Practice was good. Primary was strong and smooth. Grabbed my ankles in kapotasana today. Made me think of Grimmly's recent post about how deep backbends feel. To me, kapotasana always feels very intense in a good way. I don't consider myself a natural backbender, because I don't feel as comfortable in a deep backbend as I feel in a deep paschimottanasana. So for me, backbends are very much about getting the body (and mind) to go beyond what it is comfortable with, to boldly go where my body/mind hasn't gone before. It doesn't matter that I have been able to grab my heels consistently and my ankles occasionally for the past few months: Every single kapotasana is a new challenge for my mind/body. There is always a point where my mind/body questions itself: Are you sure you are up to this today? I have found that the way to "silence" this questioning by the mind/body is to not play its game. Basically, I listen and acknowledge the mind/body's question, and then forge on slowly and steadily anyway. I hang back for a few breaths and open my chest till I can see the tips of my toes at the edge of my vision (this is probably a drishti violation, but whatever: I got to do what I got to do. I find this less laborious than just diving down right away and walking that seemingly interminable expanse of mysore rug to my heels). Then I dive and walk my hands to my heels/ankles.

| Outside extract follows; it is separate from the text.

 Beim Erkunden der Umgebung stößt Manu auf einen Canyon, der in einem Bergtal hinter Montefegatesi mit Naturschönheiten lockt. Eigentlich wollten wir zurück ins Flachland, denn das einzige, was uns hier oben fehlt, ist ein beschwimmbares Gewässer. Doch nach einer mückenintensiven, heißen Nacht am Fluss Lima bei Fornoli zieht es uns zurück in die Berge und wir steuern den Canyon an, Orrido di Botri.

In his recent post, Grimmly wrote that when he gets into a deep backbend,
"I don't get any of the bells and flashes of light, the epiphanies, ekstasis, buckets of tears or kundalini rising, perhaps guys are wired differently."

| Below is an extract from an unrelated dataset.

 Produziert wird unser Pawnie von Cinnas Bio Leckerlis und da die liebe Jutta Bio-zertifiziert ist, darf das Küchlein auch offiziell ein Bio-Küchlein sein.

I basically have the same experience as he does, except that I'm not going to commit to that part about guys being wired differently (don't want to start a gender backbend war on my blog... How many more people can I afford to offend anyway, in light of my recent posts?). Truth be told, I really don't know anything about the wiring of guys vs. gals in backbends (or any other kinds of postures, for that matter), so I'm really not in a position to say anything about this.

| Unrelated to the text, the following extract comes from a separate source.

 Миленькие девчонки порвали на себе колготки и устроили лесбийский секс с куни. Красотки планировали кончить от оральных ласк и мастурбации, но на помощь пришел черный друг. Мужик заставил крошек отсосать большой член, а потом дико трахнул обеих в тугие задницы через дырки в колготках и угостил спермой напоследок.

But as I was saying, I basically have the same experience as Grimmly does in deep backbends. I have never, to my knowledge, experienced any kind of epiphany/bucket of tears/kundalini rising... Is it possible to experience the kundalini rising without being aware of it? I don't know. If you know something about this, please share.
Of course, anybody who has taken Philosophy 101 knows that just because something hasn't happened before doesn't mean that it will never happen. For all I know, my next kapo might be the epiphany-magical-experience-kapo. Maybe at the very instant that I grab my heels or ankles, Lord Shiva will descend from the heavens and grant me the boon of teleportation. And then I will be able to go to Mysore right away, and be in one of those very nice Mysore pictures that Claudia and Skippetty regularly post on their blogs! And I'll be able to teleport myself back here to Minnesota every day just before my classes meet. Now that would be pretty cool, wouldn't it?
But, magical experiences and epiphanies aside, I like to think that practicing deep backbends has a certain effect on one's overall disposition and character, even if I can't scientifically prove it. I feel that, around the time I started doing deep backbends regularly, I also became able to manage fear better in my daily life. I feel that I have become better able to face the uncertainties and unknowns in my life, acknowledge the challenges that they pose, take the necessary actions to address them as they arise, and simply go on with my daily life and handle the tasks and responsibilities of daily life without over-thinking things and succumbing to the fear of the unknown and uncertain future. Of course, as I said, I have no way to prove this with certainty: It's not as if I can do a controlled experiment with my life :-) But I feel it, nonetheless... (Bruce Lee in Enter the Dragon: "Do not think, feel...")
Got to go teach my class now. More later. May the Force be with you.